Assume the stock future is quoting at Rs 101 and the stock at Rs 100. The trader will sell the future, buy the share, and lock the one-rupee profit. On expiry day of the contract, the trader will reverse the transaction i.e, he will buy the future and sell the share. As long as the gap between the futures and the spot price is same (irrespective of the prices at the time of expiry), the trader is ensured of his profit of one rupee. That is because any profit/loss on one leg of the trade will be offset by the loss/profit on the other leg.
What bear traders try and do is to short sell the futures so much that the futures start quoting at a discount to spot price, instead of the other way round. This then triggers a reverse arbitrage trade, as players try to cash in on this differential. Assume now the stock is available for Rs 100, and the stock future for Rs 99.
Those owning the shares will sell them, and buy an equivalent quantity of futures, thus locking in the profit. As the supply of shares in the market increases, the stock price starts to slip.
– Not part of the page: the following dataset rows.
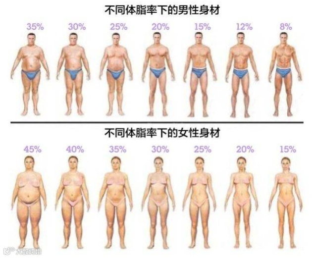 这条公式可以快速地计算出自身大致的体脂率,对比下图,可以知道自己处于什么样的身体状态。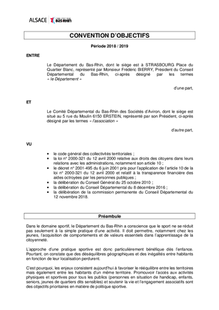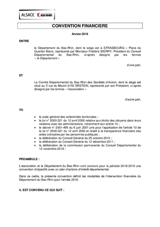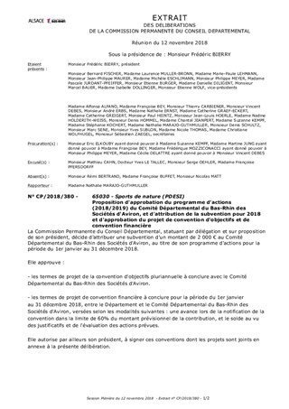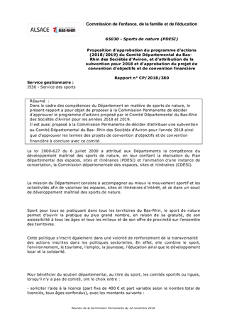 Dans le cadre des compétences du Département en matière de sports de nature, le présent rapport a pour objet de proposer à la Commission Permanente de décider d'approuver le programme d'actions proposé par le Comité Départemental du Bas-Rhin des Sociétés d'Aviron pour les années 2018 et 2019. Il est aussi proposé à la Commission Permanente de décider d'attribuer une subvention au Comité Départemental du Bas- Rhin des Sociétés d'Aviron pour l'année 2018 ainsi que d'approuver les termes des projets de convention d'objectifs et de convention financière à conclure avec ce comité.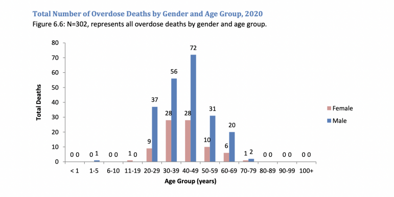 Data from the 2020 county coroner’s report shows a shift in the demographics of overdose deaths, with an increase among Black males and all males in the 40-49 age group. A majority of overdose deaths are among white men.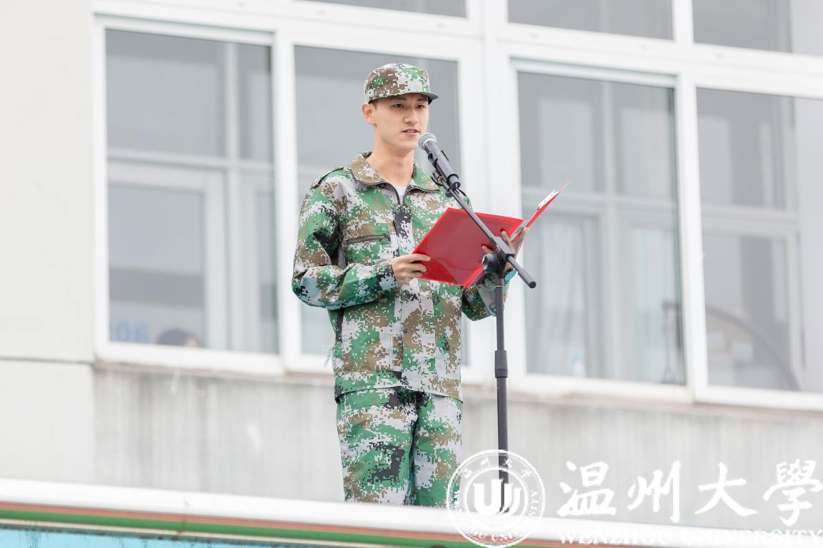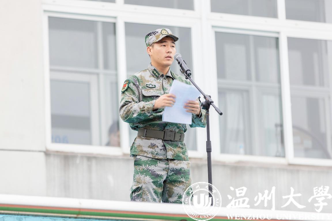 军训教官王超发言。他希望同学们端正思想,认真对待军训。机电工程学院新生薛丁珲代表全体参训学生发言,做出一切听从指挥、服从命令,高质量完成军训的承诺。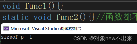 static void func2(){}//函数都不属于类的对象上,只有非静态成员变量才占用类对象内存空间.
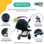 - Cinto de segurança de 5 pontos: Garante a segurança do bebê durante o passeio.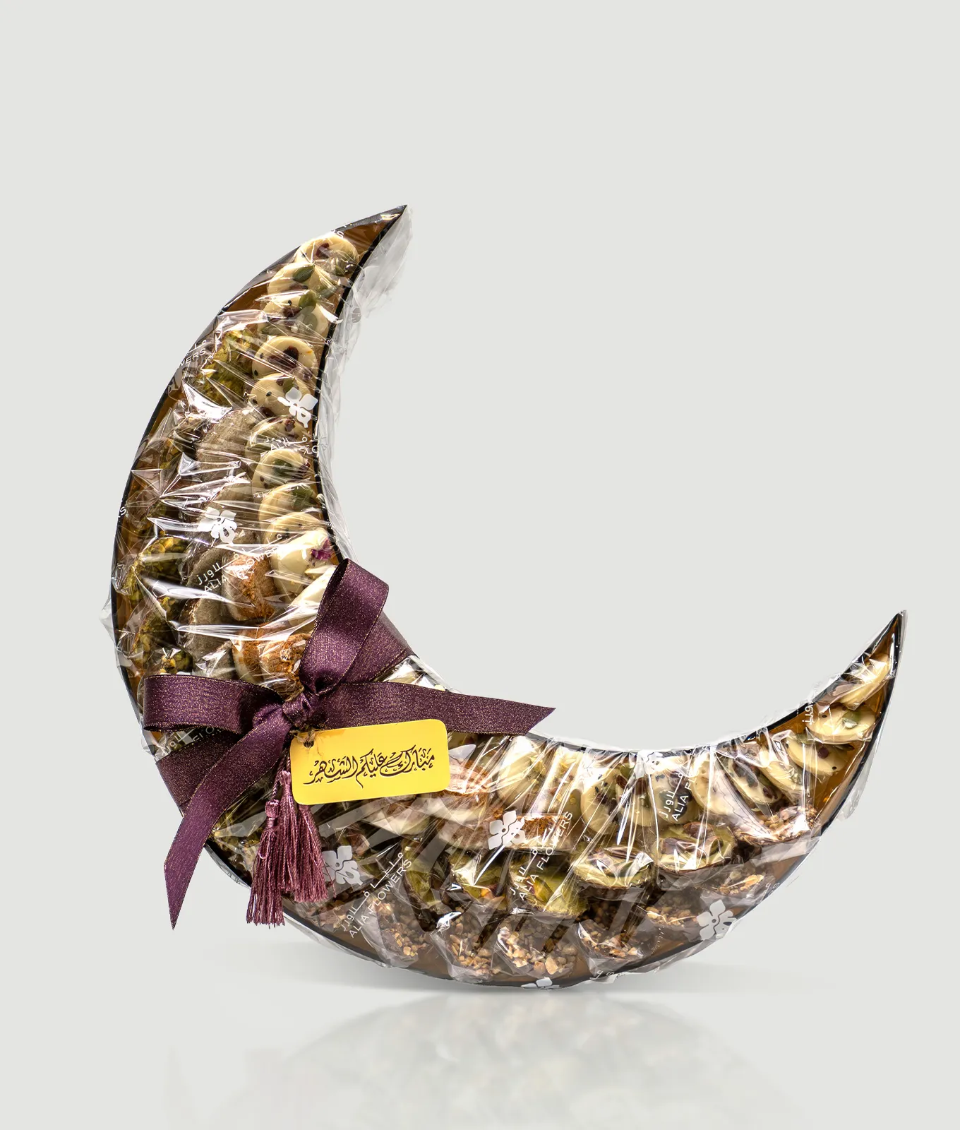 The arrangement features a meticulously layered dome of artisanal sweets, each individually wrapped to ensure peak freshness and hygiene. The shimmering metallic finish of the vessel, paired with a signature crescent moon charm and a luxury dark ribbon, makes this a standout piece for the Holy Month.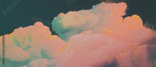 Soft clouds with golden glitters creating enchanting textures in the sky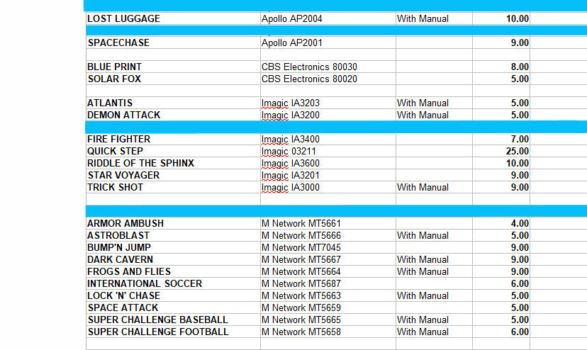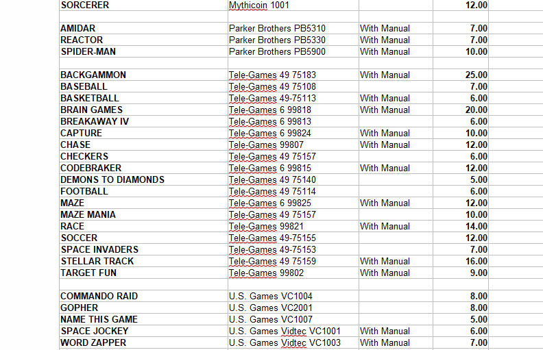 The full list of games including individual prices is shown in the pictures of this ad. The games with manuals are also indicated in this list. The CIB games are listed in another ad.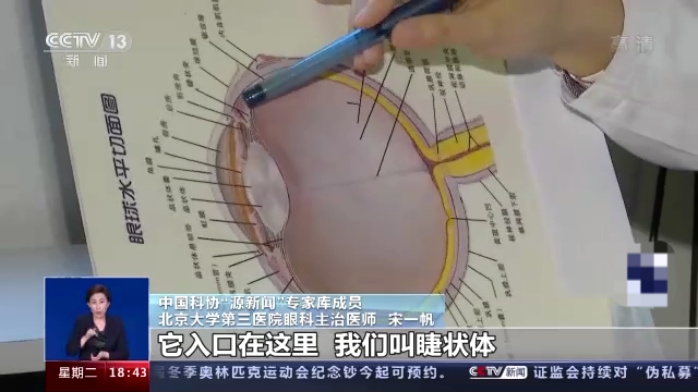 中国科协“源新闻”专家库成员 北京大学第三医院眼科主治医师 宋一帆:前面微微凸出的这个弧线,这是我们的角膜,就是大家看到的黑眼珠。后面这个圆圆的叫眼球。我们眼睛里面不是空气,里面是充满各种结构以及水。这个水(学名)叫房水,它不是一潭死水,是活水,它有进有出。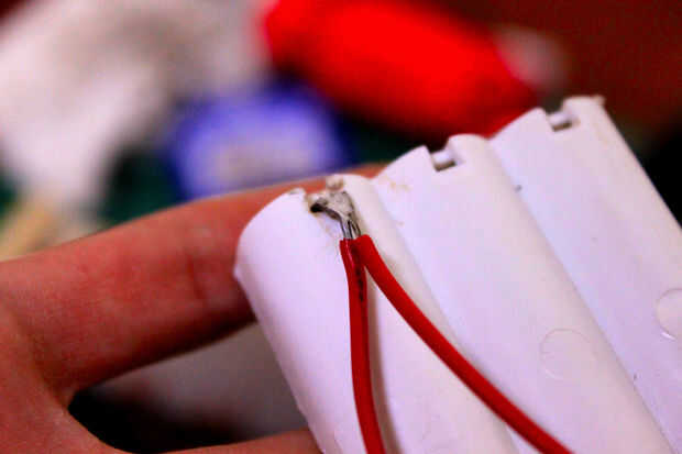 Usar una batería que mantenga un mínimo de 3 pilas alcalinas AA y que tiene un conector Molex de C-Grid. Con los extremos del circuito rojo 2 cables (los mismos que están conectados a las tiras de la cerveza), sujete a la batería de la parte inferior insertar "agujeros" y soldarlos juntos.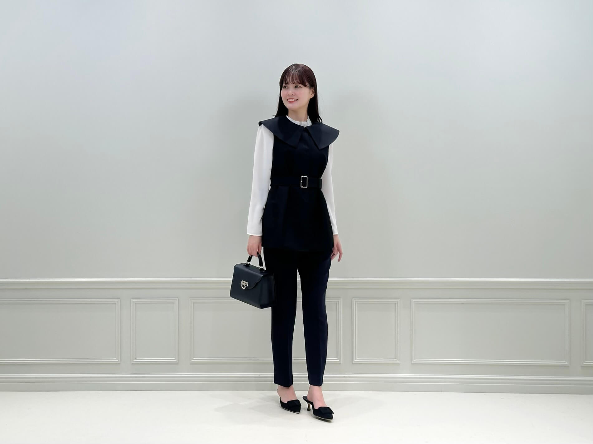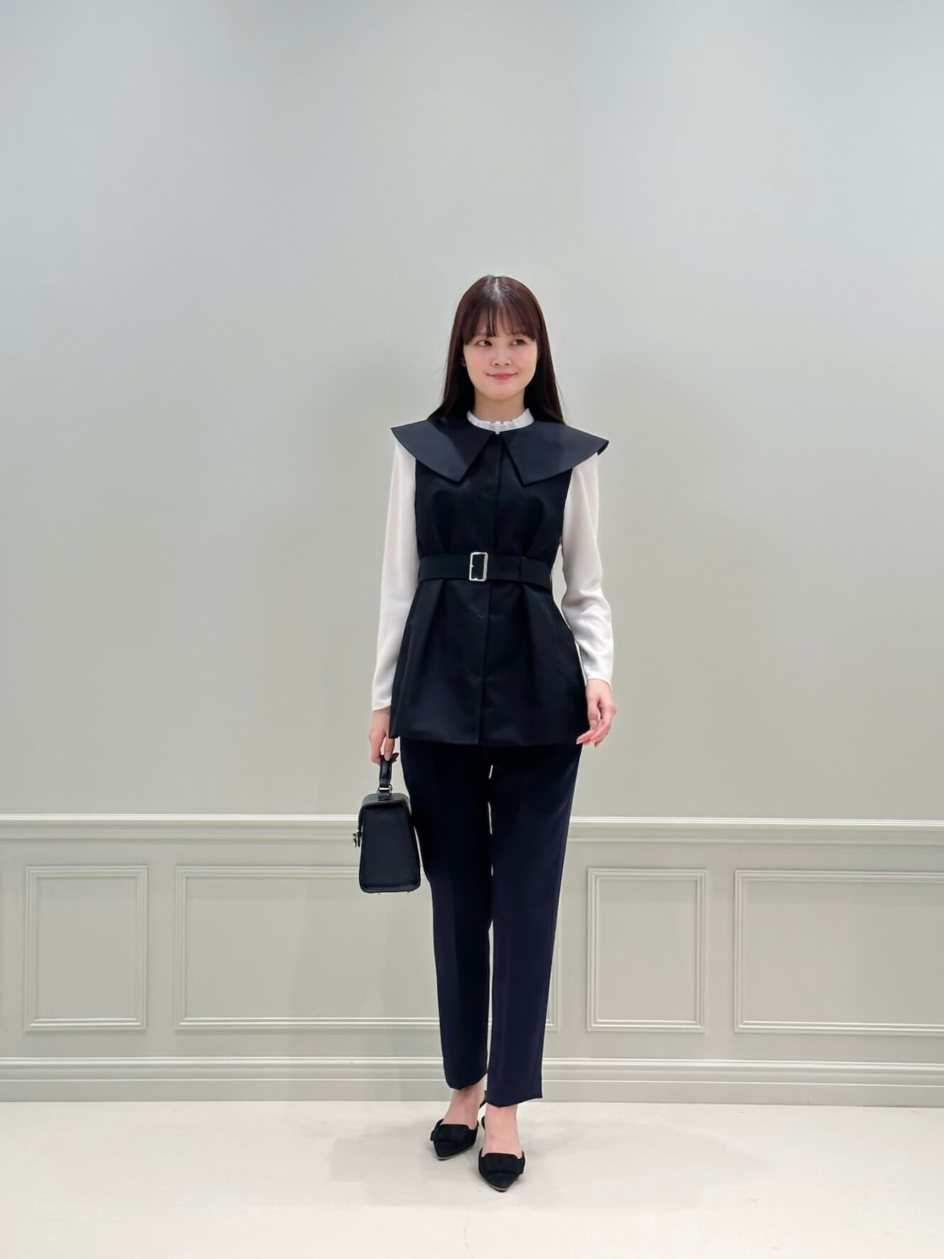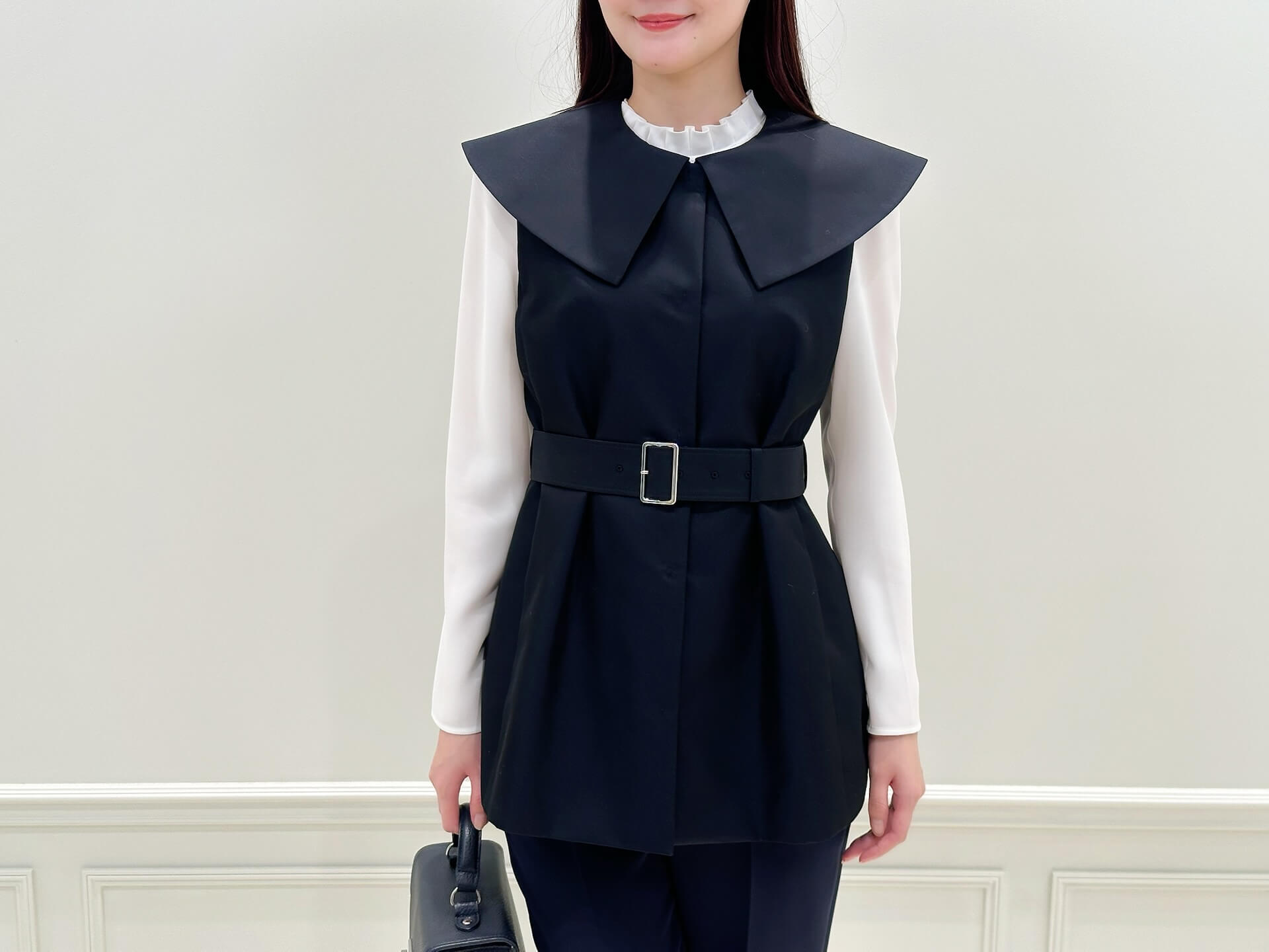 ジレとブラウスの組み合わせは、通勤はもちろん、少しきちんとした場面や会食、学校行事などにもおすすめ。甘さのあるブラウスも、ネイビーのジレを重ねることで大人っぽく引き締まり、程よく上品な印象に仕上がります。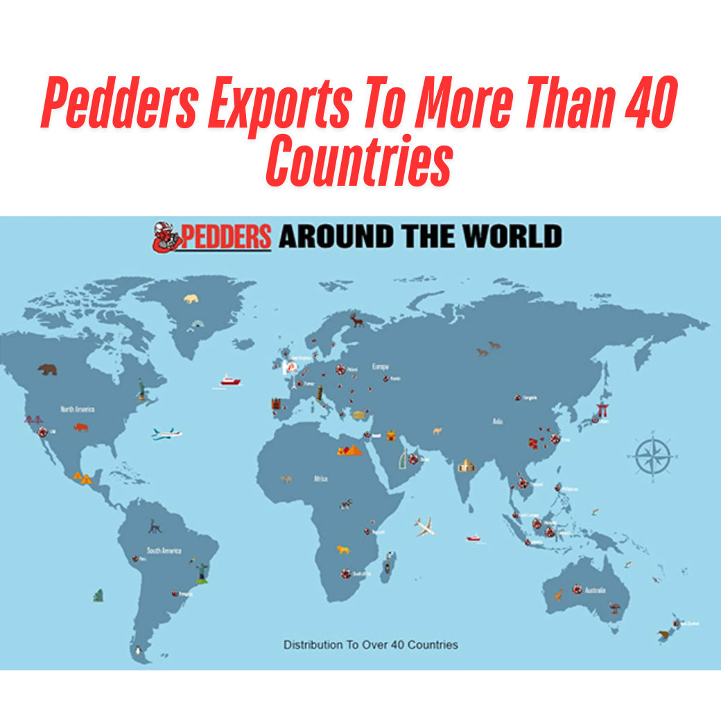 ปัจจุบัน Pedders ส่งออกสินค้าไปยังกว่า 40 ประเทศทั่วโลก โดยสามารถพบเห็นผลิตภัณฑ์และทีมงานของเราได้ใน เอเชีย ยุโรป แอฟริกา และอเมริกา เราภูมิใจในพันธมิตรด้านการส่งออกมากมาย และยังคงมองหาโอกาสใหม่ ๆ ในตลาดเกิดใหม่อย่างต่อเนื่อง เพื่อขยายการเติบโตในระดับสากล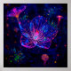 An enchanted bioluminescent scene with translucent forms pulsing in electric blue and magenta light—a magical art print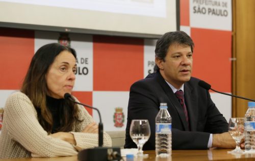 Vice-prefeita, Nádia Campeão, e Haddad (Foto: Cesar Ogata/SECOM)
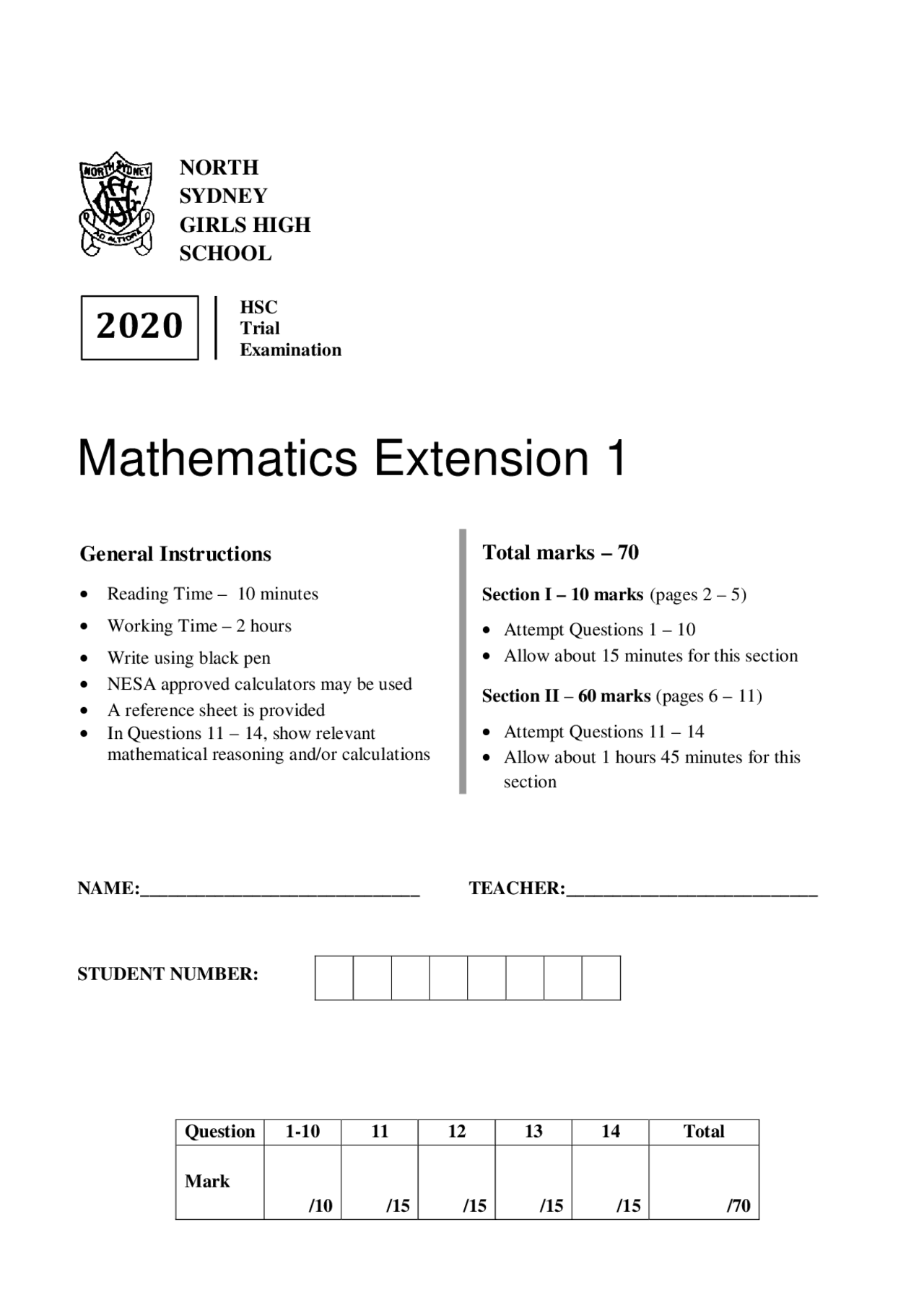 Mathematics Extension 1 Examination: HSC Trial, North Sydney Girls High ...

And as the gap between futures and spot is usually constant, the futures price will also start to slip, benefitting traders who have short sold the futures.
If the promoter has pledged a sizable chunk of his shares, the weakness in stock price will trigger margin calls, wherein he has to either deposit more shares as collateral or return a part of the money he has borrowed. If the promoter is unable to meet the margin call, the lender will dump his shares, causing the stock price to crash.
There have been a few instances when bear cartels have actually have maximized their profits by timing their sell trades to perfection. In 2009, bears increased their short positions in the stock of a non-conventional energy major after getting to learn that the promoter had stepped on to a flight to Europe to mobilize funds.
The stock fell below a trigger price, prompting many lenders to dump it and caused a complete rout. The bears would not have been so aggressive if the promoter was around, because they knew he could somehow support the stock price temporarily. But his travel plan was leaked to the bears, who then made a nice meal of the stock.